2020–21 Toto Cup Al

Tournament details
- Country: Israel
- Teams: 14

Final positions
- Champions: Maccabi Tel Aviv (7th title)
- Runners-up: Bnei Sakhnin

Tournament statistics
- Matches played: 27
- Goals scored: 56 (2.07 per match)

= 2020–21 Toto Cup Al =

The 2020–21 Toto Cup Al was the 36th season of the third-important football tournament in Israel since its introduction and the 15th tournament involving Israeli Premier League clubs only.

Beitar Jerusalem were the defending champions.

== Format changes ==
The two clubs playing in the Israel Super Cup (Maccabi Tel Aviv and Hapoel Be'er Sheva) will not take part in the group stage, while the remaining twelve clubs were divided into three groups of four clubs.
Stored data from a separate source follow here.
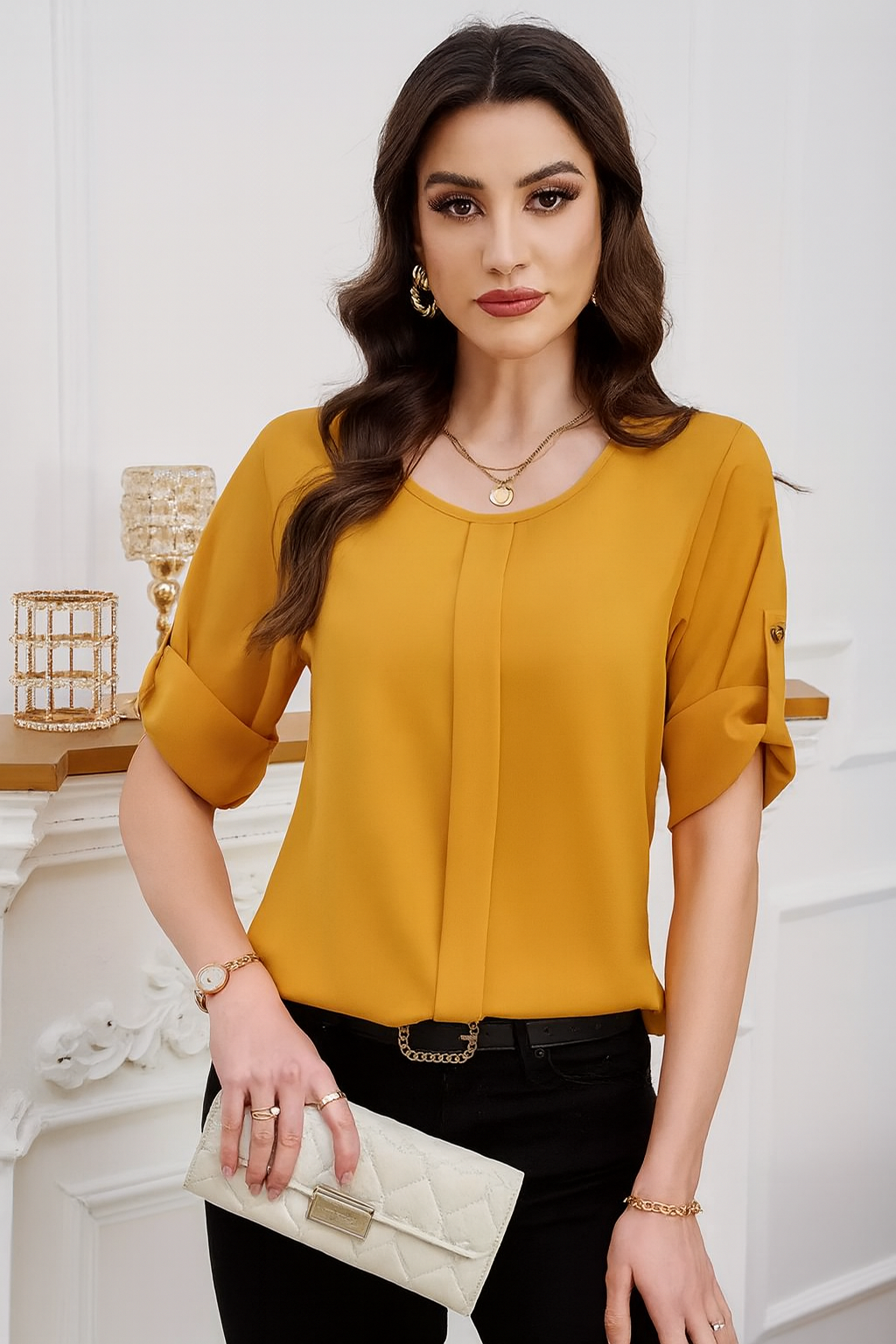 Bluzë këmishë pranverore e lehtë me palosje përpara. Komode falë materialit me cilësi të lartë.
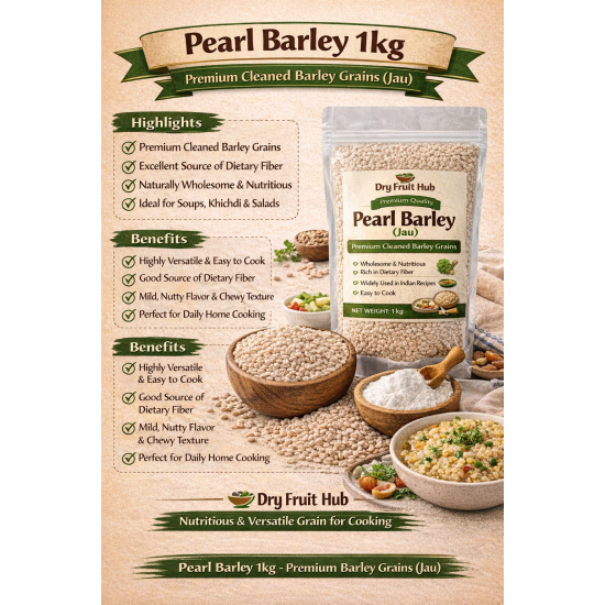 Dry Fruit Hub Pearl Barley 1kg is premium-quality cleaned barley grains (jau), carefully processed to ensure uniform size, purity, and freshness. Pearl barley is widely used in Indian and international cuisines for its mild taste and versatile cooking applications.
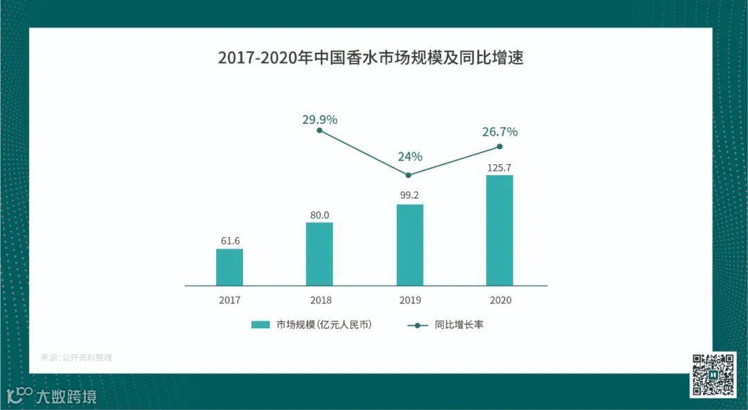 资本背书助推气味经济站上了新风口,国内多个香氛品牌获得了千万元级别的融资。据《2020年中国香水行业研究白皮书》,全球香水市场规模约为4063亿元人民币,中国在其中的占比仅为2.5%。但相较于2019年,2020年规模增速达到26.6%,市场正在加速渗透。
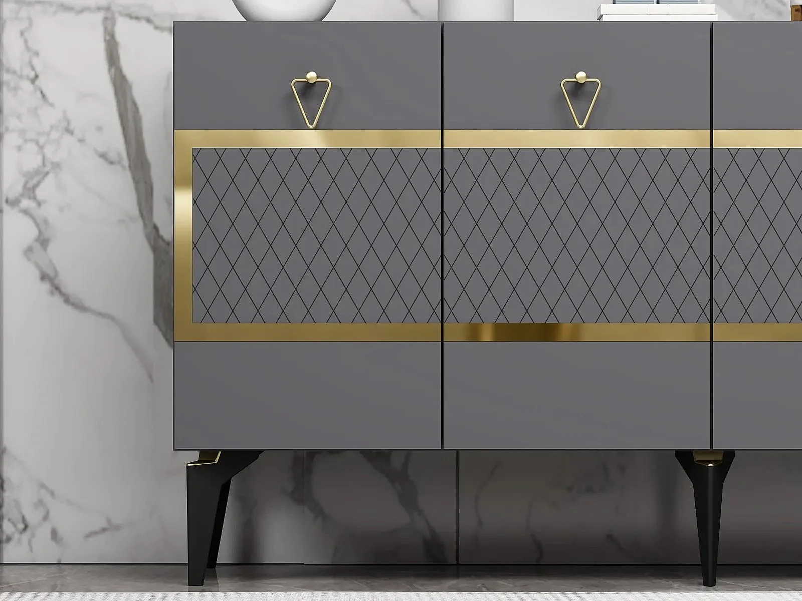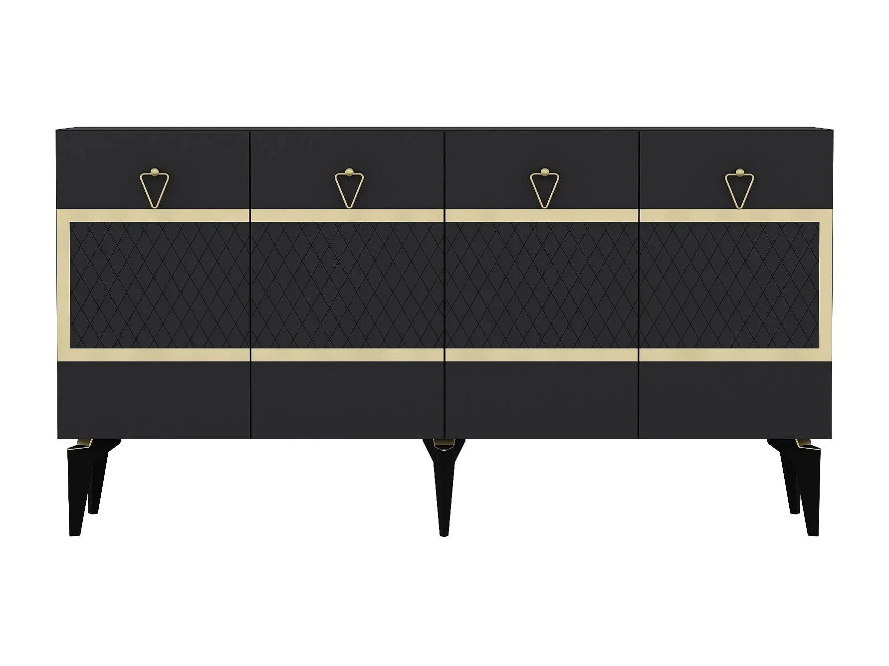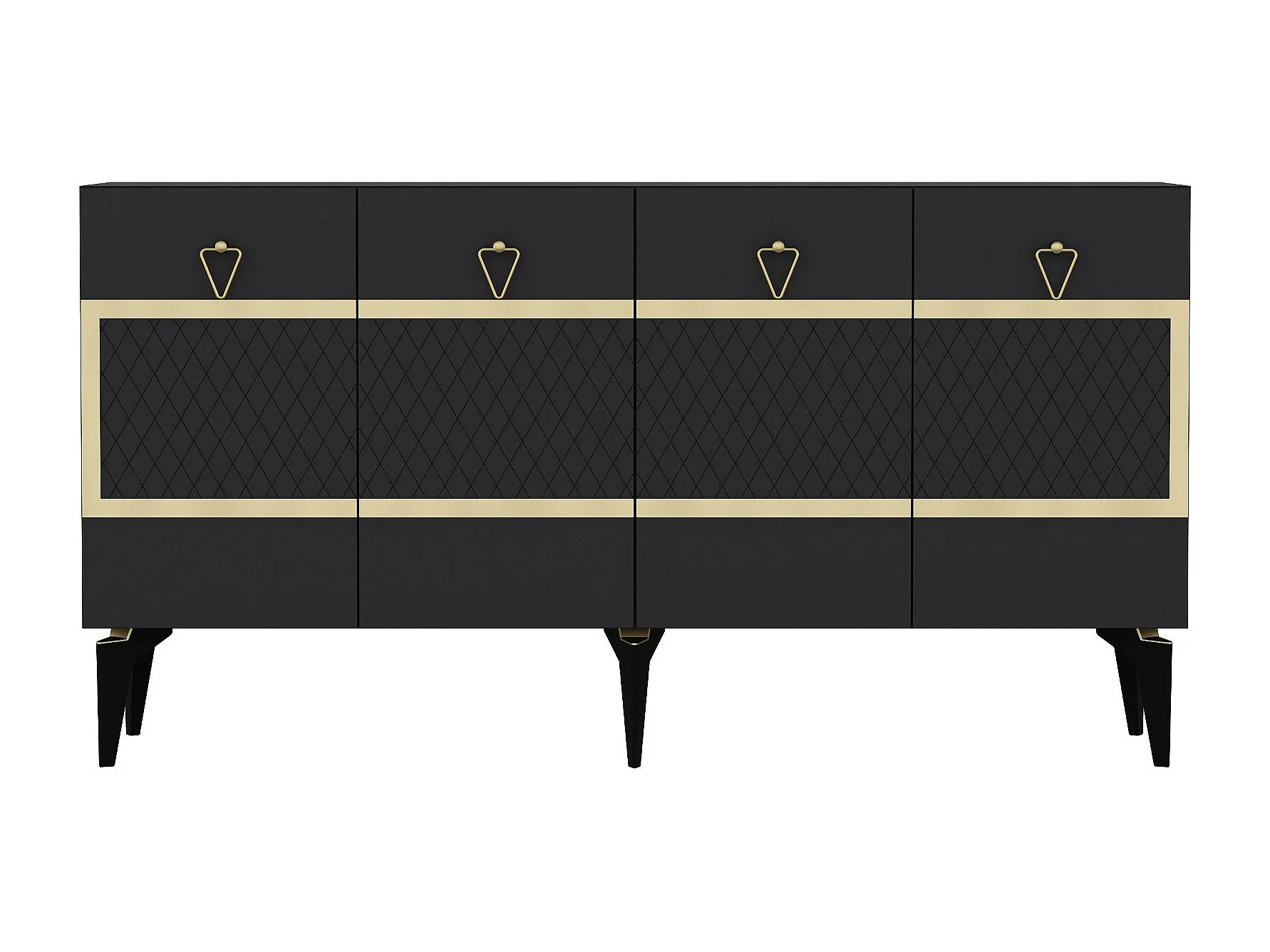 Aparador Kailua 1868, Antracita|Negro|Plata, 80x150x40cm, Aglomerado laminado
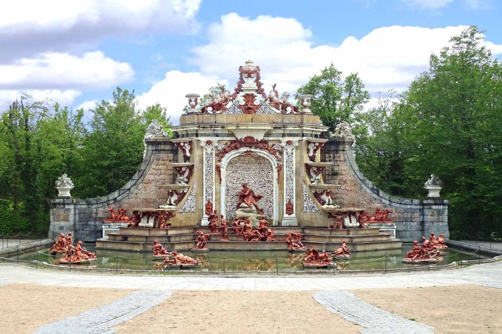 The gardens were also inspired by the design of the gardens of Versailles, with numerous fountains filled with Greek mythological figures and dozens of statues mirroring the extensive fountains and gardens Felipe V grew up with in France.
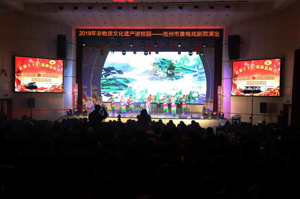 12月26日,2019年非物质文化遗产进校园活动——池州市黄梅戏剧院演出在永利官网博古礼堂举行,党委委员、宣传部长胡兵和师生代表共同观看演出。
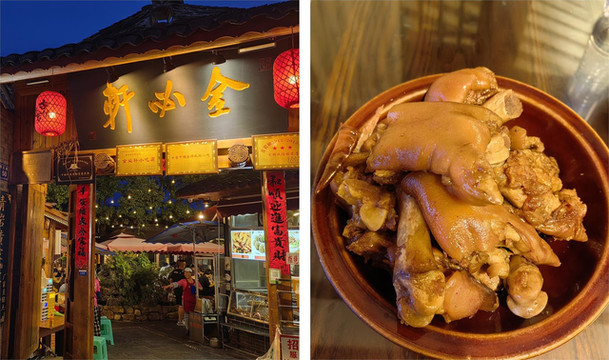 而青岩古镇的猪蹄又是另一番美味,古镇北门里的金必轩,猪蹄堆成了小山,而转眼间又销售一空。软糯的猪蹄,咬一口唇齿留香。趁热吃,香糯而又不油腻。
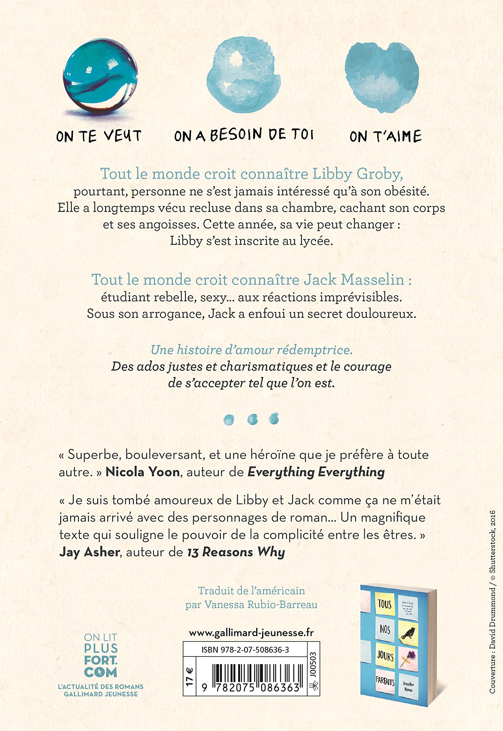 Tout le monde croit connaîte Libby Groby, pourtant, personne ne s'est jamais intéressé qu'à son obésité. Elle a longtemps vécu recluse dans sa chambre, cachant son corps et ses angoisses. Cette année, sa vie peut changer : Libby s'est inscrite au lycée. Tout le monde croit connaître Jack Masselin : étudiant rebelle, sexy... aux réactions imprévisibles. Sous son arrogance, Jack a enfoui un secret douloureux.
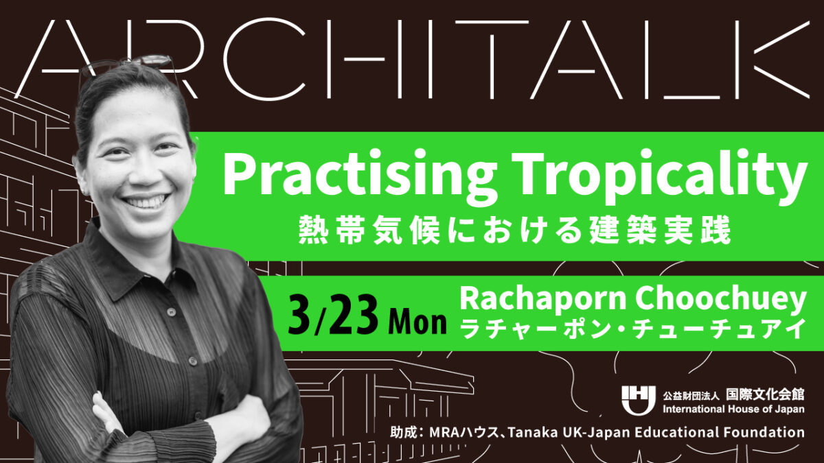 公益財団法人国際文化会館(東京都港区、理事長:近藤正晃ジェームス、以下、国際文化会館)では、2026年3月23日(月)に、タイ出身の気鋭の建築家であるラチャーポン・チューチュアイ氏をスピーカーに招聘した、「熱帯気候における建築実践」と題した講演会を開催いたします。
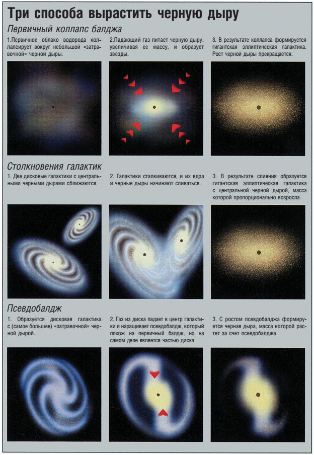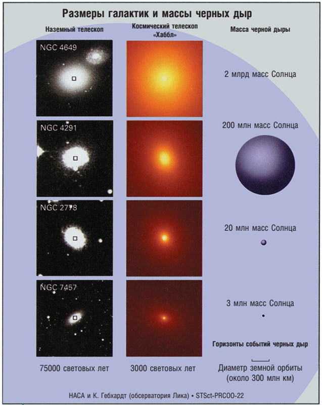 Это сравнение центральных областей четырех эллиптических галактик показывает, что чем массивнее центральный балдж галактики, тем тяжелее ее черная дыра. В левом столбце представлены черно-белые снимки галактик, полученные на наземных телескопах. Квадратиками отмечены центральные области галактик. В центральном столбце приведены увеличенные изображения этих областей, полученные с помощью Широкоугольной планетарной камеры 2 космического телескопа «Хаббл». В правом столбце представлены массы черных дыр и соответствующие диаметры горизонта событий. Массу каждой черной дыры астрономы определяли путем измерения параметров движения звезд вокруг нее. Чем меньше расстояние между звездами и черной дырой, тем выше их скорость. Астрономы открыли поразительную связь между массой черной дыры и средней скоростью движения звезд в центральном балдже галактики. Чем быстрее движутся звезды, тем массивнее черная дыра. Это открытие означает, что гигантские черные дыры не были предшественниками рождения галактик, а эволюционировали вместе с ними, захватывая определенный процент массы звезд и газа центральной области галактики.
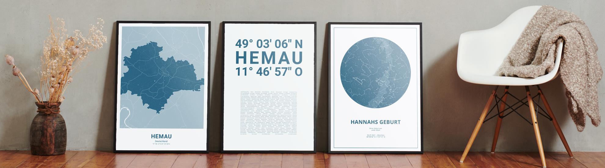 Wähle Farben und Layouts, die perfekt zu dir passen. Ob als klassische Karte in schwarz-weiß oder in modernen Farben. Bei Cartida kannst du ein Design in deinen Lieblingsfarben wählen. Erstelle eine Variante von Hemau, die perfekt zu dir und deiner Wohnung passt.
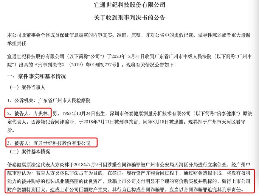 公告显示,公司为本案被害人,方炎林为本案被告人。倍泰健康原法定代表人方炎林于2018年7月9日因涉嫌合同诈骗罪被广州市公安局天河区分局进行立案侦查,经广州中院审理认为:被告人方炎林以非法占有为目的,在签订、履行资产并购合同过程中,通过财务造假手段,将没有盈利能力的被并购标的包装成业绩亮丽的优良资产,欺骗上市公司支付明显不合理的高价购买被并购标的,骗得上市公司财产数额特别巨大,造成上市公司巨额财产损失,其行为已构成合同诈骗罪,应当以合同诈骗罪追究其刑事责任。
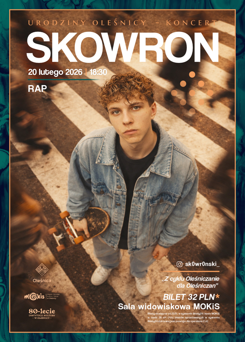 Miejski Ośrodek Kultury i Sztuki w Oleśnicy zaprasza na koncert SKOWRONA, który odbędzie się z okazji URODZIN OLEŚNICY 20 lutego o godz. 18:30 w Sali widowiskowej MOKiS. Bilety w cenie 30*zł w sprzedaży od 23.01.2026 r. (*do biletów sprzedawanych w systemie Bilety24 doliczana jest prowizja dla operatora 2 zł). Cena biletów w kasie MOKiS 32 zł.
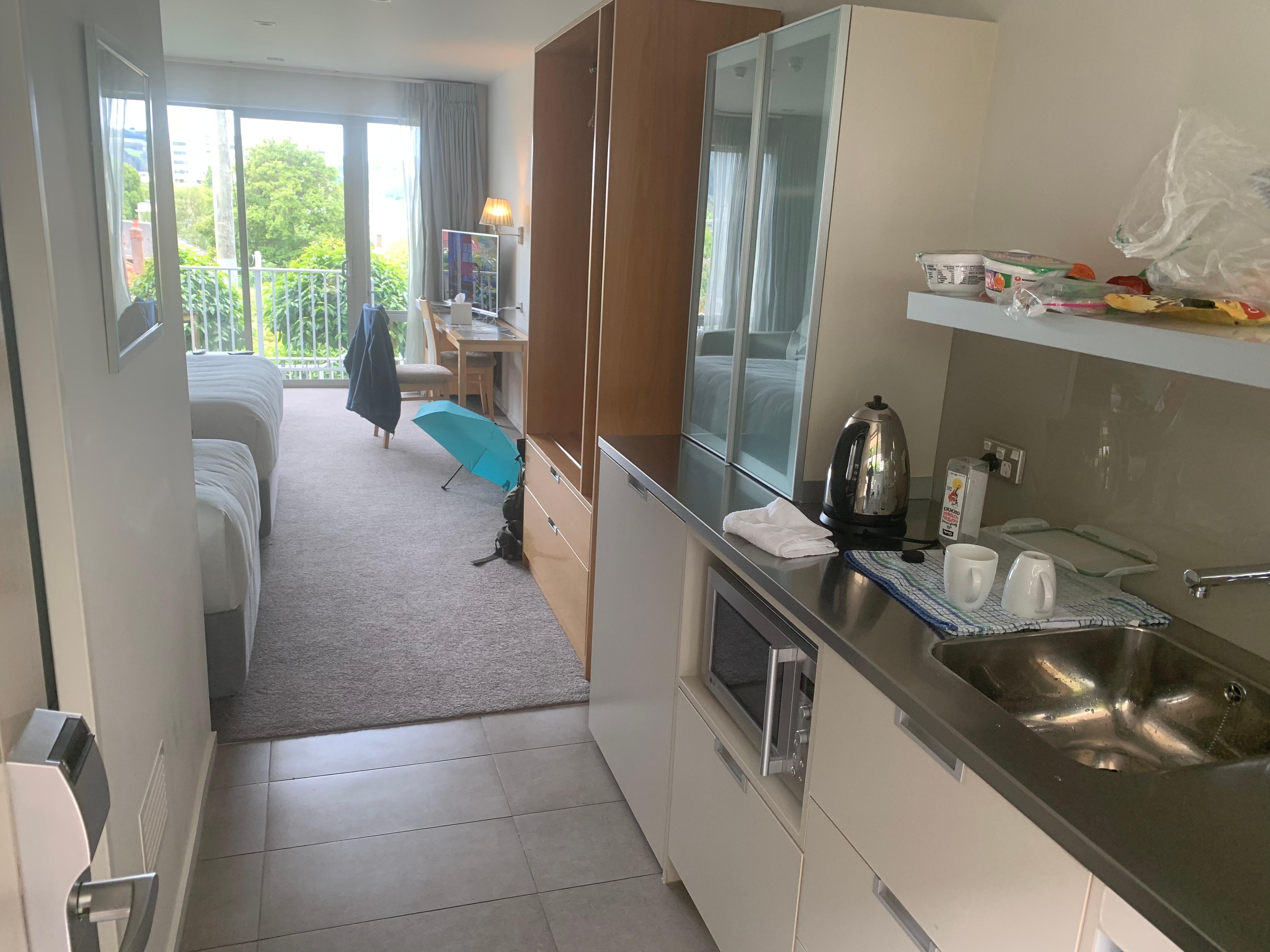 部屋が清潔でジャグジーも利用できて快適に過ごせた。簡易調理場でコンロがないのは残念。 洗濯機については、日本人にとって理解が難しいので代表的な洗濯行程の例が有ればよかったと思う。

At the end of the group stage the team with the best results of the group winners will qualify to the Finals.
Maccabi Tel Aviv and Hapoel Be'er Sheva will play (in the 2020 Israel Super Cup match) for a place in the finals.
All the clubs will participate in classification play-offs.

== Group stage ==
Groups were allocated according to geographic distribution of the clubs, with the northern clubs allocated to Group A, and the center clubs allocated to Group B and group C. Each club will play the other clubs once.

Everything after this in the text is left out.